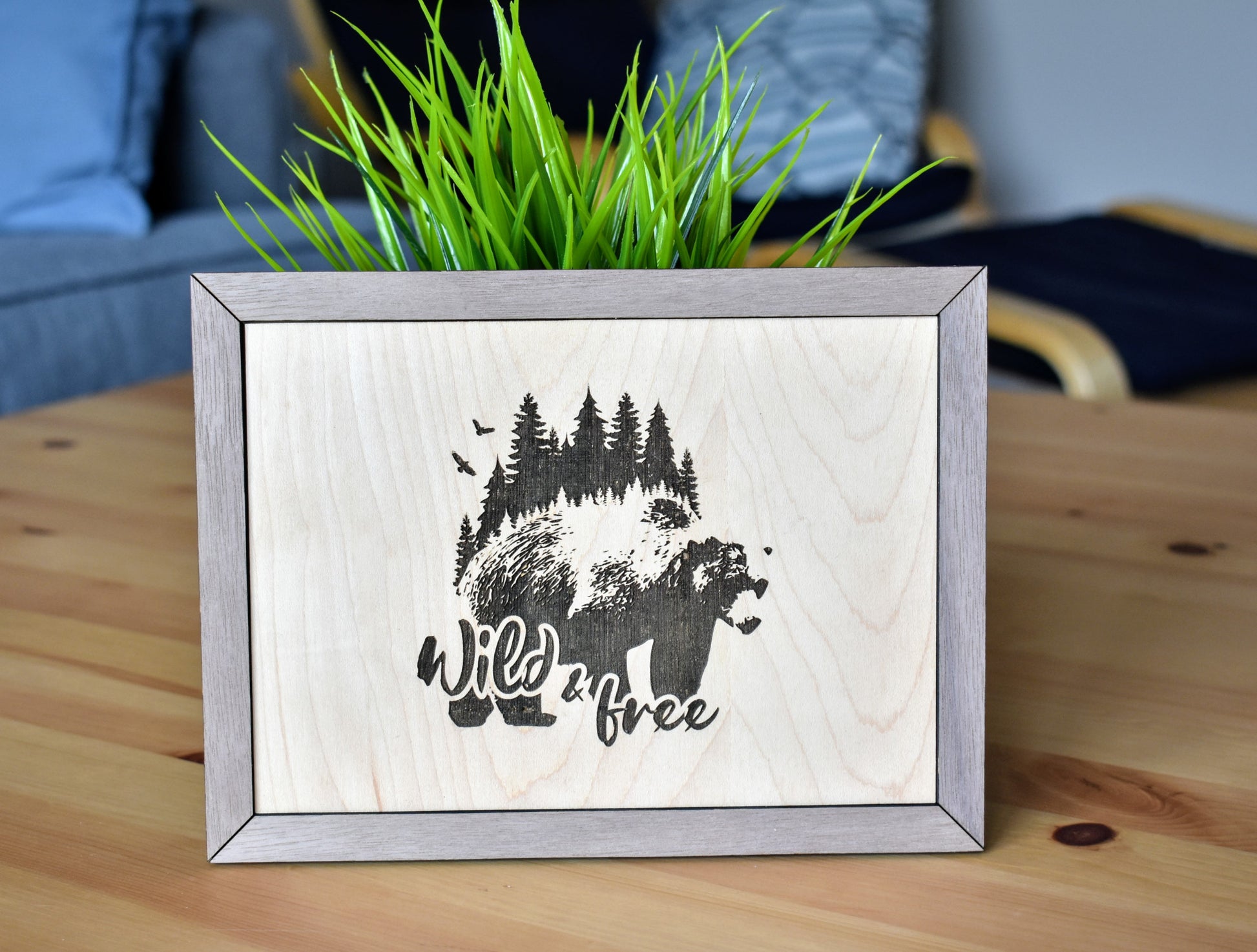 Beautiful decor sign made of high-quality maple plywood that is carefully laser engraved with our own Nature-inspired art design. The sign is nicely finished with a walnut frame. A mounting hole is provided for quick and easy installation.
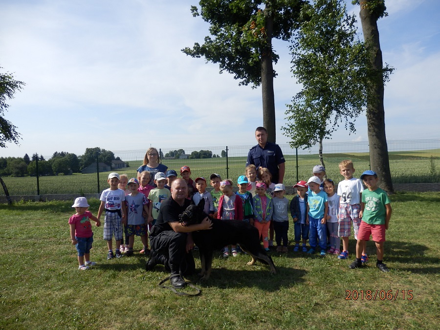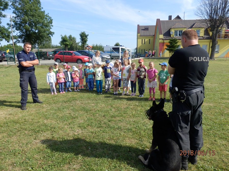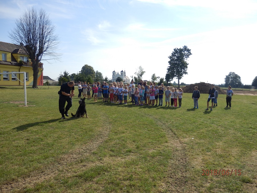 Podczas spotkań z najmłodszymi policjantom towarzyszy czworonożny funkcjonariusz „Luks”. Dzieci dowiadują się jak należy zachować się w przypadku kontaktu z obcymi zwierzętami. Przewodnik psa służbowego rozmawiał z dziećmi i młodzieżą, jak należy dbać o swoich czworonożnych przyjaciół w gorące dni.
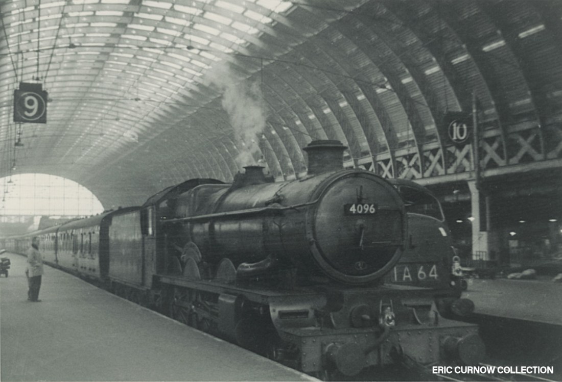 4096 “HIGHCLEVE CASTLE”, allocated, as the smokebox door ’81A’ shedplate shows, to Old Oak Common three and a half miles back down the track, has arrived at Platform 9 with the 12.05pm Hereford to Paddington on 10th February 1962. Before it is an admirer, and behind is a ‘Warship Class’ diesel in green livery, and an empty parcels area. 620210A02-PAD-s4096-PAS_U
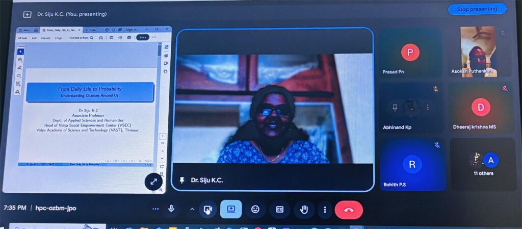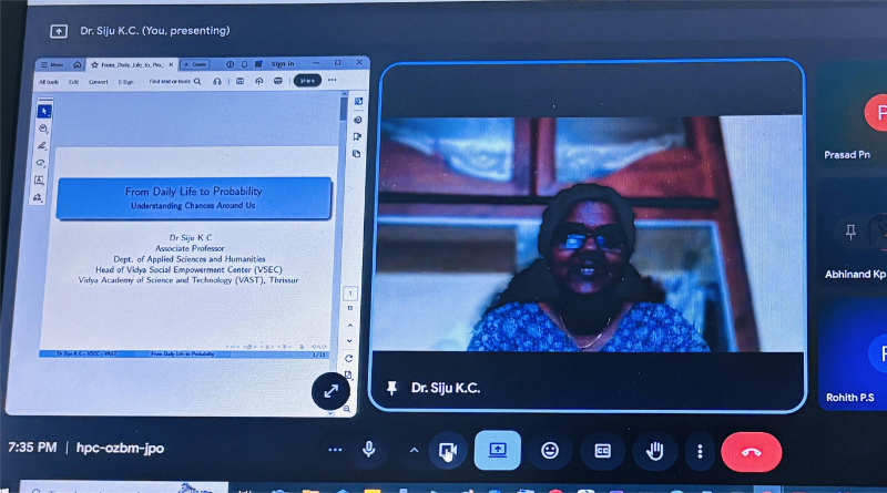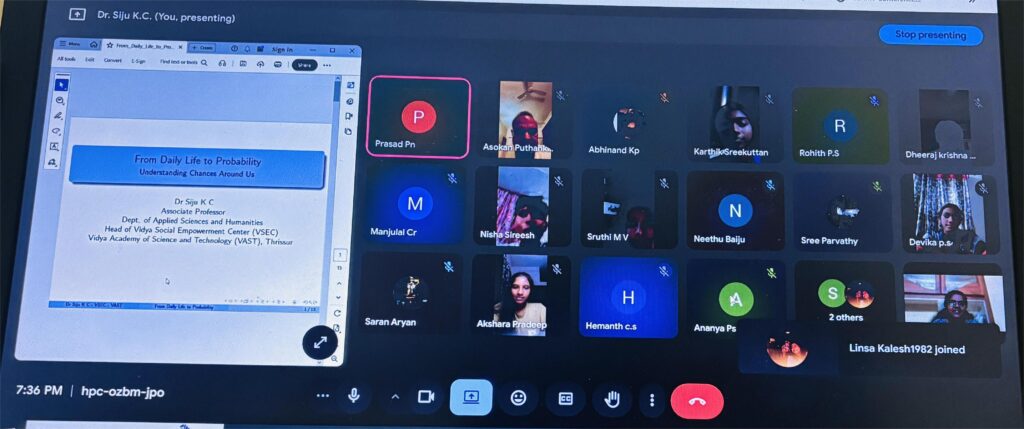 Dr. Siju K. C (Head, VSEC and Asso. Prof, AS Dept) conducted an online academic enrichment session on 31 January 2026 from 7:30 pm to 8:30 pm for the scholarship students of the Kovilakath Foundation. The session was based on the learning material titled “From Daily Life to Probability – Understanding Chances Around Us”.
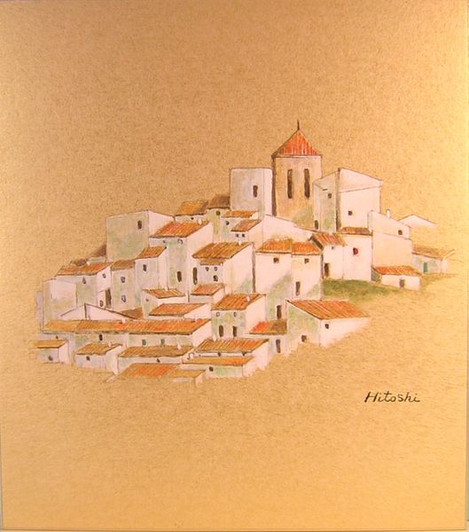 Hitoshi Nishikawa 西川 伍 色紙 アンダルシア 白い村 |

***

What is expected — Leave the pictures out and reproduce all of the records exactly.

Response to this task —
 Beautiful decor sign made of high-quality maple plywood that is carefully laser engraved with our own Nature-inspired art design. The sign is nicely finished with a walnut frame. A mounting hole is provided for quick and easy installation.
 Podczas spotkań z najmłodszymi policjantom towarzyszy czworonożny funkcjonariusz „Luks”. Dzieci dowiadują się jak należy zachować się w przypadku kontaktu z obcymi zwierzętami. Przewodnik psa służbowego rozmawiał z dziećmi i młodzieżą, jak należy dbać o swoich czworonożnych przyjaciół w gorące dni.
 4096 “HIGHCLEVE CASTLE”, allocated, as the smokebox door ’81A’ shedplate shows, to Old Oak Common three and a half miles back down the track, has arrived at Platform 9 with the 12.05pm Hereford to Paddington on 10th February 1962. Before it is an admirer, and behind is a ‘Warship Class’ diesel in green livery, and an empty parcels area. 620210A02-PAD-s4096-PAS_U
 Dr. Siju K. C (Head, VSEC and Asso. Prof, AS Dept) conducted an online academic enrichment session on 31 January 2026 from 7:30 pm to 8:30 pm for the scholarship students of the Kovilakath Foundation. The session was based on the learning material titled “From Daily Life to Probability – Understanding Chances Around Us”.
 Hitoshi Nishikawa 西川 伍 色紙 アンダルシア 白い村 |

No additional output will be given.